2. Restate — Durable Mode

The agent runs as a Restate workflow with journaled execution, crash recovery, and lifecycle hooks.

# Terminal 1: Start Restate
restate-server --dev

# Terminal 2: Start the agent workflow server
cargo run --bin restate-server

# Terminal 3: Register + invoke
curl -X POST http://localhost:9070/deployments \
  -H 'Content-Type: application/json' \
  -d '{"uri": "http://localhost:9091"}'

curl -X POST http://localhost:8080/AgentWorkflow/task-1/run \
  -H 'Content-Type: application/json' \
  -d '{"task": "Write a sorting algorithm in Python"}'

# Check status
curl http://localhost:8080/AgentWorkflow/task-1/status

Response:

{"turn": 5, "phase": "completed", "total_tokens": 2341, "output": "...", "error": null}

3. MCP Server — Claude Desktop / VS Code

The agent exposes 4 tools via the Model Context Protocol:

Tool	Description
`run_task`	Full agent workflow via Restate
`execute_python`	Policy-checked Python execution
`apply_patch`	Unified diff file editing
`check_policy`	Command safety evaluation

# Start MCP server (stdio)
cargo run --bin mcp-server

Claude Desktop config (~/.config/claude/claude_desktop_config.json):

{
  "mcpServers": {
    "rig-rlm": {
      "command": "/path/to/target/release/mcp-server"
    }
  }
}

4. A2A Server — Agent-to-Agent Protocol

The agent exposes itself as an A2A-compatible agent over HTTP, discoverable via /.well-known/agent.json.

Method	Description
`GET /.well-known/agent.json`	Agent Card (name, skills, capabilities)
`POST /` — `message/send`	Synchronous task execution (JSON-RPC response)
`POST /` — `message/stream`	Streaming execution via SSE (`text/event-stream`)

Start the server

# With Nix flake (recommended — sets LD_LIBRARY_PATH automatically)
cargo run --bin a2a-server -- --port 9999

# Without Nix flake (set LD_LIBRARY_PATH for PyO3 manually)
LD_LIBRARY_PATH="/path/to/python/lib:$LD_LIBRARY_PATH" \
  cargo run --bin a2a-server -- --port 9999

The server auto-detects OpenRouter API keys (sk-or-*) from OPENAI_API_KEY in .env and sets the base URL accordingly. Default model: arcee-ai/trinity-large-preview:free.

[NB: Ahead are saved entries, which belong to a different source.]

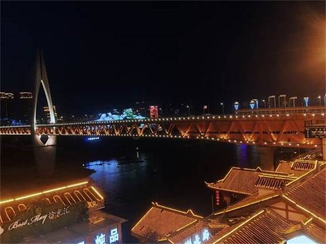 千厮门嘉陵江大桥仿佛不仅仅只是供车辆通过,也成了洪崖洞旁边的一处景点了,随手一拍就很漂亮~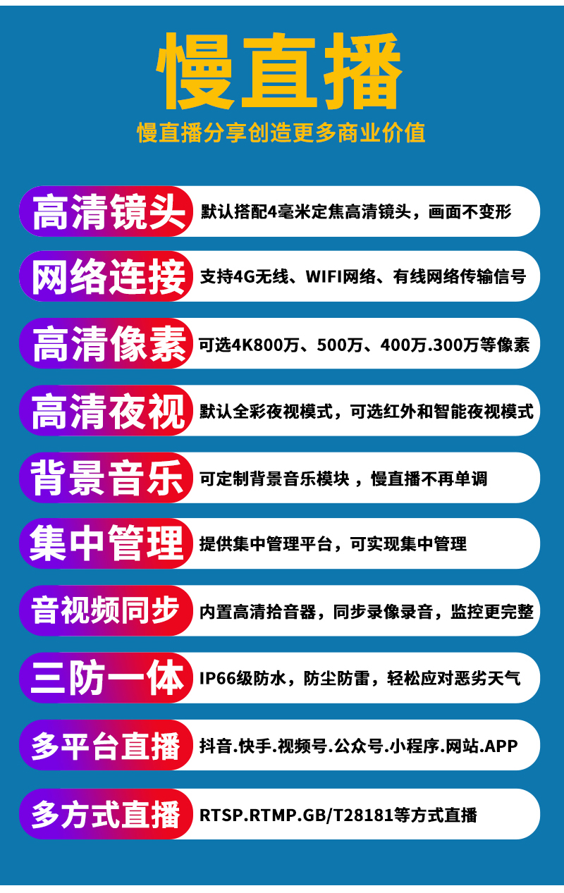 - 1、4G300萬(wàn)/500萬(wàn)/4K800萬(wàn)/1200萬(wàn)全彩高清無(wú)畸變慢直播智能攝像機(jī),一個(gè)攝像機(jī)就是一套慢直播系統(tǒng);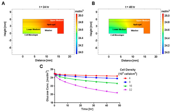 Glucose transport simulations were conducted for a 48 h period using a time step of 300 s. The initial value for the concentration of glucose in the culture medium was 4.5 g/L to match the medium formulation in the cellular experiments, and this was applied to all regions of the culture medium and the hydrogel. Diffusivity of glucose in the culture medium was assumed equal to the diffusivity of glucose in water at 37 °C, given as 6.14 × 10−10 m2/s by Zhou et al. [47]. Considering the low weight percentage of CR molecules used to formulate the hydrogel layer in the cellular experiments, glucose diffusivity in the hydrogel layer was also assumed to be equal to its diffusivity in water at 37 °C. Simulations of oxygen transport used a steady-state transport model (Equation (6)) due to the infinite source of oxygen from air within the incubator.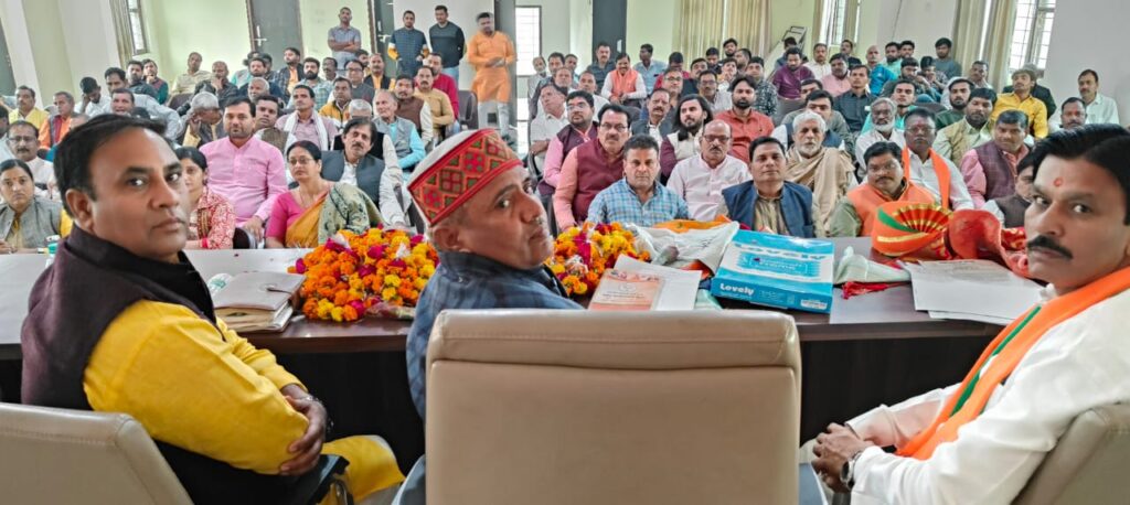 Auraiya news today । भाजपा जिला कार्यालय तुर्कीपुर में बुधवार को वोटर चेतना महाअभियान की जिला कार्यशाला में भाजपा के नवनियुक्त जिला प्रभारी आनंद सिंह ने कहा कि जो 18 वर्ष की आयु को पूर्ण कर चुके युवाओं, विवाह होने के बाद परिवर्तित निवास स्थान, बूथ से अन्यंत्र निवास करने वाले तथा बूथ पर नए आए मतदाताओं के नाम मतदाता सूची में जोड़ने या नाम कटने का कार्य तथा दिवंगत मतदाताओं के नाम मतदाता सूची से कटवाने का कार्य वोटर चेतना महाभियान के माध्यम से करना है। वही 28,29 नवंबर को युवा मोर्चा स्कूलों में, 30 नवम्बर व एक जनवरी को महिला मोर्चा व 28,29 नवंबर व एक दिसंबर को अनुसूचित एवं एससी प्रकोष्ठ के पदाधिकारी मतदाता बनवाने के लिए प्रेरित करेंगे। मेरा लक्ष्य मिशन 2024 लोकसभा चुनाव में इटावा ,कन्नौज लोकसभा क्षेत्र को फिर जीतने का है।

Logs are written to a2a-server.log in the working directory.

Test: Agent Card Discovery

curl -s http://localhost:9999/.well-known/agent.json | python3 -m json.tool

Expected: JSON with agent name, description, skills, and supported protocols.

Test: `message/send` — Simple Math

curl -s -m 30 -X POST http://localhost:9999/ \
  -H 'Content-Type: application/json' \
  -d '{
    "jsonrpc": "2.0",
    "id": 1,
    "method": "message/send",
    "params": {
      "message": {
        "role": "user",
        "parts": [{"kind": "text", "text": "What is 2+2?"}]
      },
      "metadata": {}
    }
  }'

Test: `message/send` — Coding Task (Python execution via PyO3)

curl -s -m 120 -X POST http://localhost:9999/ \
  -H 'Content-Type: application/json' \
  -d '{
    "jsonrpc": "2.0",
    "id": 2,
    "method": "message/send",
    "params": {
      "message": {
        "role": "user",
        "parts": [{"kind": "text", "text": "Write a Python function that implements merge sort. Test it with [38, 27, 43, 3, 9, 82, 10] and print the sorted result."}]
      },
      "metadata": {}
    }
  }'

Note: Complex coding tasks may take 30–70s depending on the LLM. Use -m 120 for generous timeouts.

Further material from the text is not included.